- **Dataset excerpt**
^^^^

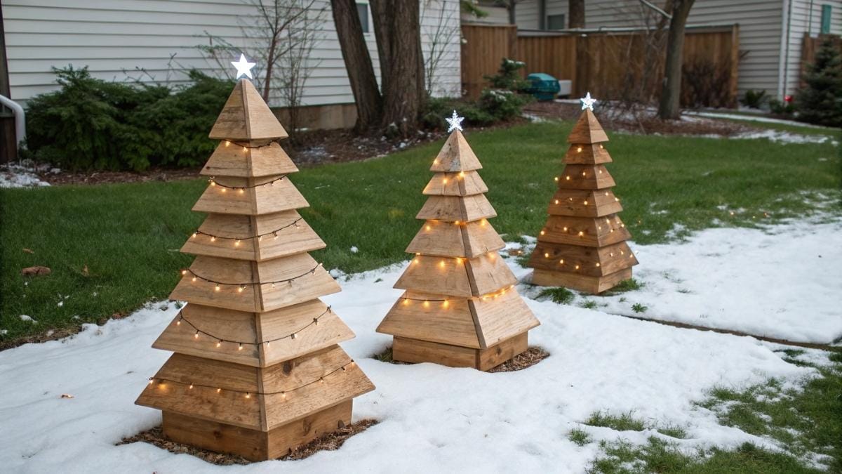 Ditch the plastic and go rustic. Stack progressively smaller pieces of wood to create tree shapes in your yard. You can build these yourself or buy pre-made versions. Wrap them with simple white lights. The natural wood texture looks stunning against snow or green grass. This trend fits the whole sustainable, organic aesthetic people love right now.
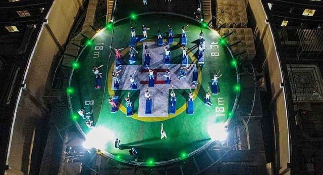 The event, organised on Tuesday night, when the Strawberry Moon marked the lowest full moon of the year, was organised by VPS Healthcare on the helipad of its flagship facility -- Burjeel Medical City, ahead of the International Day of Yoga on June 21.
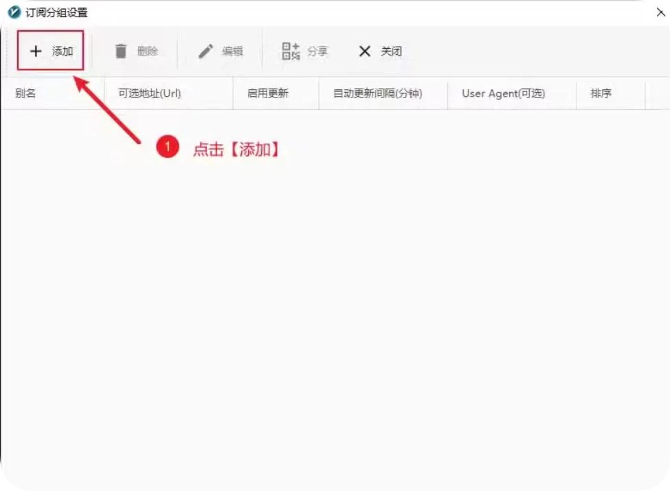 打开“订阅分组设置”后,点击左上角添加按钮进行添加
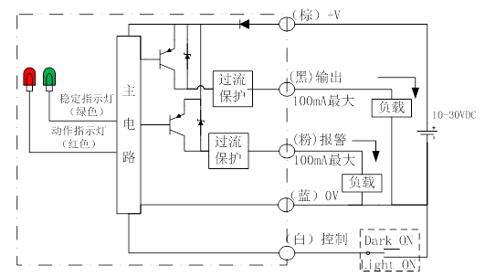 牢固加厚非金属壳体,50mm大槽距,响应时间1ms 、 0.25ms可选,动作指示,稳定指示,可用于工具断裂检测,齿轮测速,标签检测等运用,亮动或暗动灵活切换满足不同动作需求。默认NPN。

^^^^

- **Exercise aim**
Would you mind transcribing the material exactly, without the pictures?

- **Answer for the task**
 Ditch the plastic and go rustic. Stack progressively smaller pieces of wood to create tree shapes in your yard. You can build these yourself or buy pre-made versions. Wrap them with simple white lights. The natural wood texture looks stunning against snow or green grass. This trend fits the whole sustainable, organic aesthetic people love right now.
 The event, organised on Tuesday night, when the Strawberry Moon marked the lowest full moon of the year, was organised by VPS Healthcare on the helipad of its flagship facility -- Burjeel Medical City, ahead of the International Day of Yoga on June 21.
 打开“订阅分组设置”后,点击左上角添加按钮进行添加
 牢固加厚非金属壳体,50mm大槽距,响应时间1ms 、 0.25ms可选,动作指示,稳定指示,可用于工具断裂检测,齿轮测速,标签检测等运用,亮动或暗动灵活切换满足不同动作需求。默认NPN。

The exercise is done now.